Still dressed from dinner, Anne stood in the middle of the room surrounded by three guards. Each one of them had their sword drawn and pointed at her. The one with his back turned to her had the point of his sword dangerously close to Anne’s neck. At once she could tell they were imposters. They were rough-looking and unkempt, unlike the close shaven elite Guard du Corps.

“I swear,” the man threatening Anne growled. “If you scream, I will pierce your throat.”

“Quién crees que eres?” the Infanta spat in her native tongue. Her words were brave, but Marie could see her hands trembling.

Marie’s first thought was to run and get the guards, but who were the guards? Who could she trust? She knew she could trust Athos, or could she? Even so, could she find him fast enough? She knew she had to act.

She burst through the door. “Let her go!” she shouted, running into the room. She felt something metal crack against the back of her skull for her troubles. The world went red for a moment, pursued immediately by black.

The world was still black when she opened her eyes. She was on her back in darkness. She sat up and immediately her head throbbed. She was in the passageway, but where? She tumbled to her feet and felt along the dirty wall until she found a door. She opened it and found herself back in Anne’s room. The room looked spotless. If she hadn’t witnessed it herself, she wouldn’t think the abduction had even occurred.

Why was she still alive? Did they know who she was? If they thought she was just a maid, why would they care if she lived or died? She had to tell someone.

Making sure the passage was secure, she ran out of Anne’s room and her eyes were instantly assaulted by light. It was daytime. What time was it? How long was she unconscious? She ran down the hall, hair askew and attracting looks from everyone wondering what was wrong with the maid.


She found the Queen Regent, along with the Concinis. When she ran in, they looked surprised. It took them a moment to realize exactly who she was.

“Mlle de Montbazon?” Leodora asked. “Is that you?”

She looked down at her clothes. She forgotten she was still dressed as a maid.

“Yes, of course,” she said breathlessly. “Where is the Infanta?”

The Concinis’ and the Queen were momentarily speechless.
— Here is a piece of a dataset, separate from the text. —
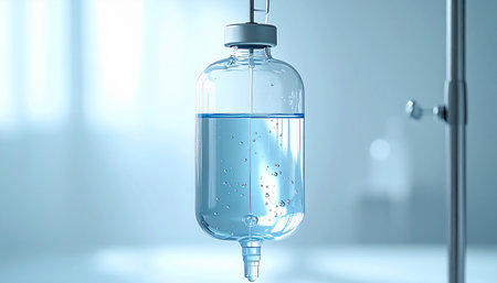 An IV bag containing a transparent liquid is suspended in a clinical environment, creating a calming ambiance with soft light reflections.

They looked at each other.

“You don’t know?” the Queen asked.

Marie was confused. “Should I?”

“Where is that letter?” the Queen inquired.
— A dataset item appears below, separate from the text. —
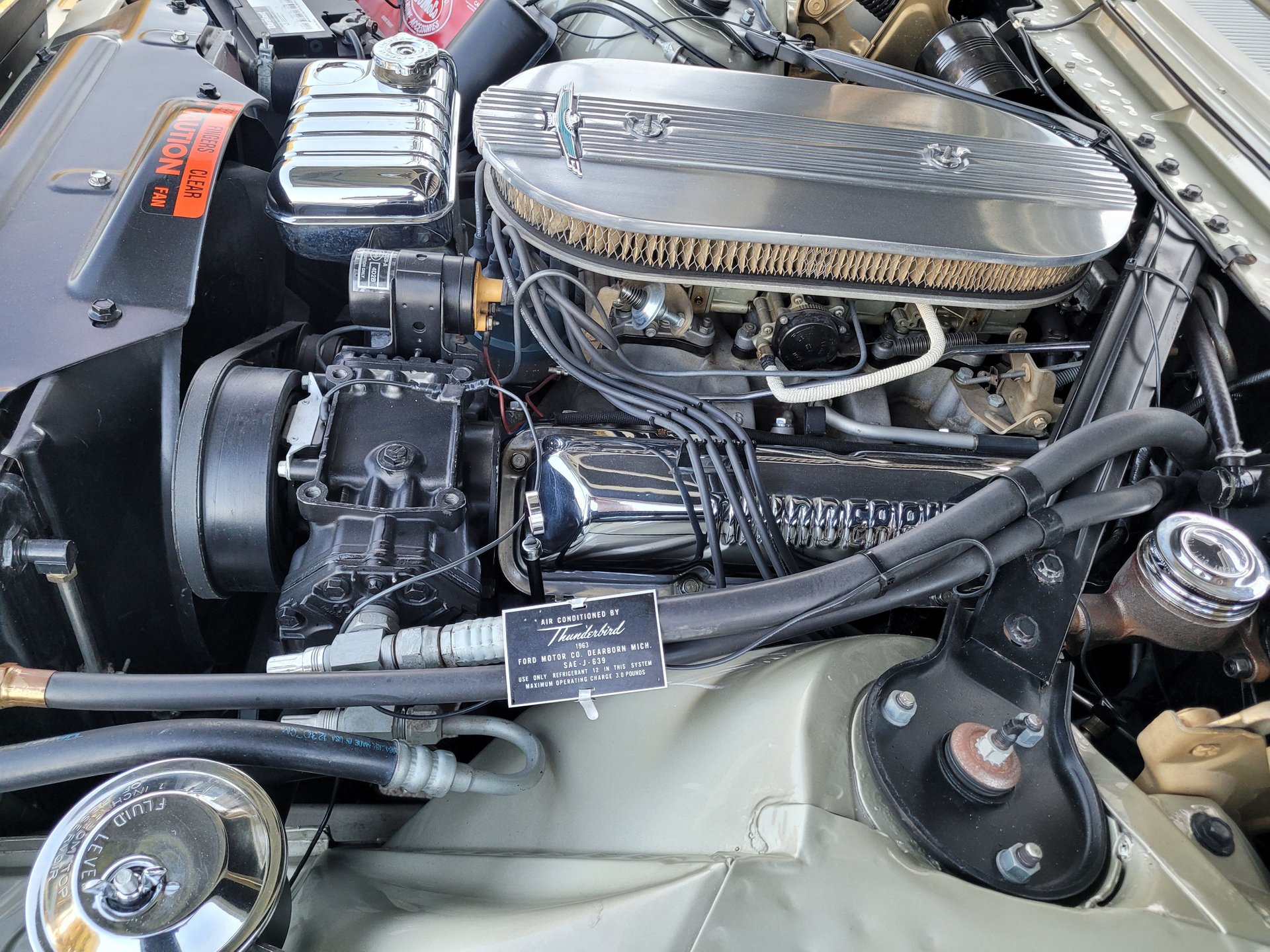 You don't come across the early 60s Thunderbirds very often, much less a complete nut & bolt restored 1963 Ford Thunderbird like the one we have here at Skyway Classics, in as nice of a color combination as this example with the gold paint and white top, let alone it being a real M-Code 390 cubic inch engine with the Tri-Power carbs that is believed to be the original motor sitting an all original looking engine bay.

Concini held up a small letter. “I have it here,” he said and handed it to the Queen.

The Queen held the letter up and read. “Your majesty, my new friend, Marie de Rohan, has generously invited me to spend some time at her father’s house. I am leaving immediately. Forgive me for not saying farewell in person, but I am eager to see more of this country. Yours always, Anne of Austria.”

Marie was stunned. Who sent that letter? Couldn’t they tell that Anne couldn’t have written anything so casually in French? How is it that they accepted her absence so completely? Could it be there were even stupider than she thought? She was struck with a horrifying thought.

Maybe they knew she was kidnapped.

“Why are you not with her?” asked Concini. “And why are you dressed as a maid?”

She had to think fast. If she played along, then maybe she could figure about if anyone in this room was involved.

“I’m leaving later today,” she explained. “I’m not ready for travel. As for the maid’s costume, well, I was thinking of a costume party. Wouldn’t it be just hysterically funny to dress as servants for an evening?” she asked, affecting an airy tone.

Her suggestion was bet with stony silence. “No,” the Queen said dryly.

“Well it was just a thought,” she said. The other people in the room were stone-faced. She couldn’t tell what anyone was thinking.

“If it pleases you,” she said, “I think I would like to change and prepare for my trip.”

The Queen seemed bored. “Fine,” she said, dismissively.

Marie dashed back to her room. There had to be a traitor in their midst, but who? Who could she trust? She knew only one person who she could go to.